## INFORMATION SUPPLIED
┄┄┄┄┄┄┄┄┄┄

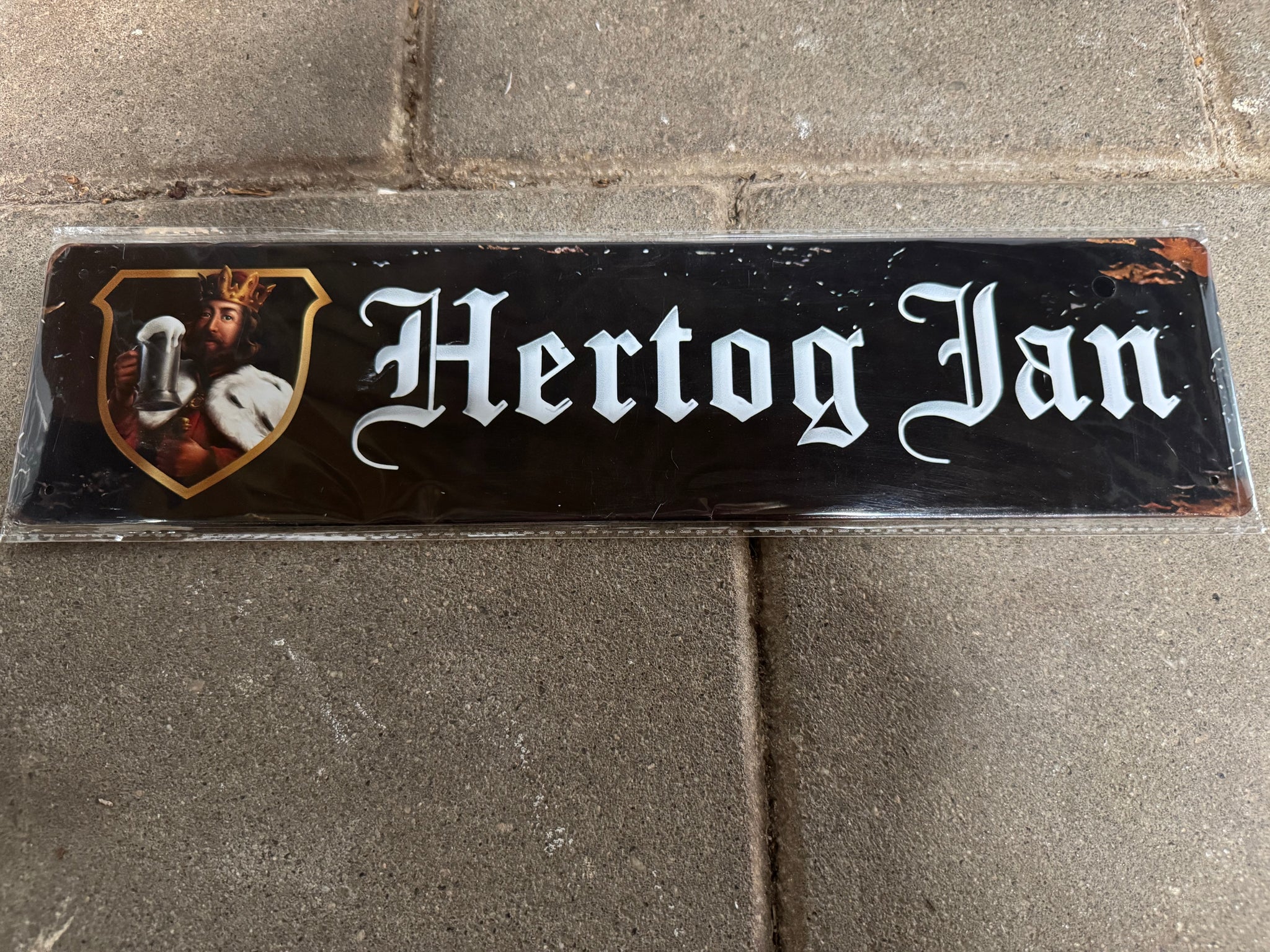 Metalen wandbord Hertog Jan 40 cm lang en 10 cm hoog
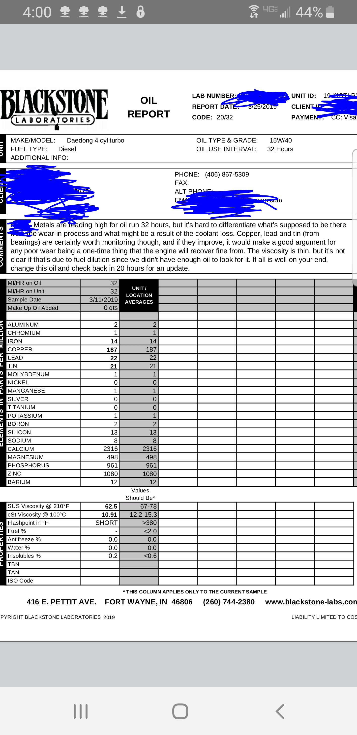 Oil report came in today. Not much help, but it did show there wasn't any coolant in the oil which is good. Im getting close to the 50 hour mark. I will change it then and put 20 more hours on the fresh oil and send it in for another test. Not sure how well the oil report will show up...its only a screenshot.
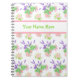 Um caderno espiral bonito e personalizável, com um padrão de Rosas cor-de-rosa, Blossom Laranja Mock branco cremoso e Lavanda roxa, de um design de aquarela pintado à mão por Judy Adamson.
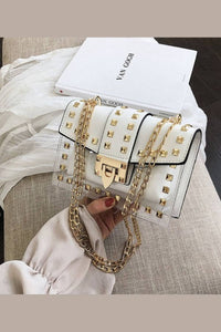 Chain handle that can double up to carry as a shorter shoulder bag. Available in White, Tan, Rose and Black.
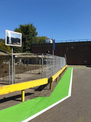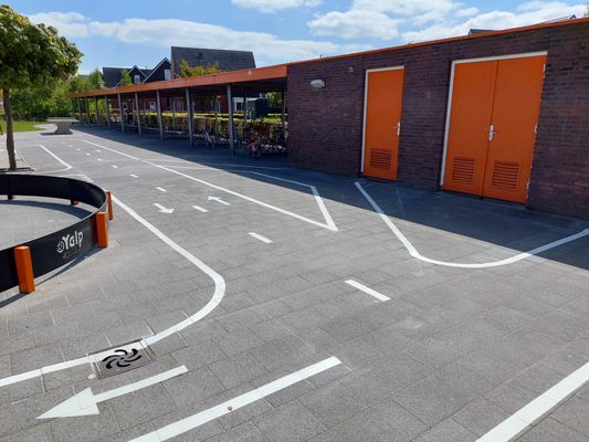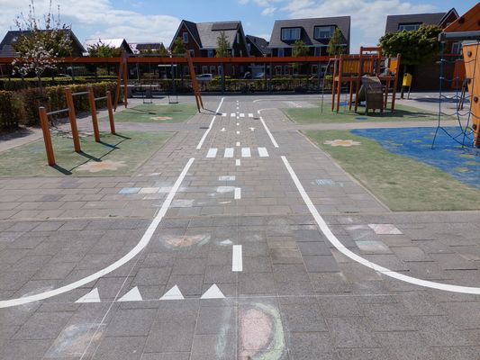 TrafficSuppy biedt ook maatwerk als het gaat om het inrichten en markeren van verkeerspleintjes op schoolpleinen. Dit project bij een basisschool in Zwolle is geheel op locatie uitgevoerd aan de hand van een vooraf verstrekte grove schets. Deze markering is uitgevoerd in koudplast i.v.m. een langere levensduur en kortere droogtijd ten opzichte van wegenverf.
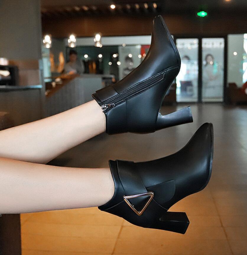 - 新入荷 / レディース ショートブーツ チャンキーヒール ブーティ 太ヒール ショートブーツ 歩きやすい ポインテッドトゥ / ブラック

┄┄┄┄┄┄┄┄┄┄

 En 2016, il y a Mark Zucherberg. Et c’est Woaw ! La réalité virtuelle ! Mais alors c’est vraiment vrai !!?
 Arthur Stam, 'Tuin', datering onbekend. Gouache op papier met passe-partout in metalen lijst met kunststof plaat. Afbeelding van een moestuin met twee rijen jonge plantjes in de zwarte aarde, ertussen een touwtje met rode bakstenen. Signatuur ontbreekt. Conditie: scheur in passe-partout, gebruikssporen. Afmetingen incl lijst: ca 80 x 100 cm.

┄┄┄┄┄┄┄┄┄┄

## PROBLEM DESCRIPTION
Your answer is the exact run of lines above from the one with "Metalen wandbord Hertog" through the one with "- 新入荷 / レディース", both ends included, minus any picture.

## TASK SOLUTION
 Metalen wandbord Hertog Jan 40 cm lang en 10 cm hoog
 Oil report came in today. Not much help, but it did show there wasn't any coolant in the oil which is good. Im getting close to the 50 hour mark. I will change it then and put 20 more hours on the fresh oil and send it in for another test. Not sure how well the oil report will show up...its only a screenshot.
 Um caderno espiral bonito e personalizável, com um padrão de Rosas cor-de-rosa, Blossom Laranja Mock branco cremoso e Lavanda roxa, de um design de aquarela pintado à mão por Judy Adamson.
 Chain handle that can double up to carry as a shorter shoulder bag. Available in White, Tan, Rose and Black.
 TrafficSuppy biedt ook maatwerk als het gaat om het inrichten en markeren van verkeerspleintjes op schoolpleinen. Dit project bij een basisschool in Zwolle is geheel op locatie uitgevoerd aan de hand van een vooraf verstrekte grove schets. Deze markering is uitgevoerd in koudplast i.v.m. een langere levensduur en kortere droogtijd ten opzichte van wegenverf.
 - 新入荷 / レディース ショートブーツ チャンキーヒール ブーティ 太ヒール ショートブーツ 歩きやすい ポインテッドトゥ / ブラック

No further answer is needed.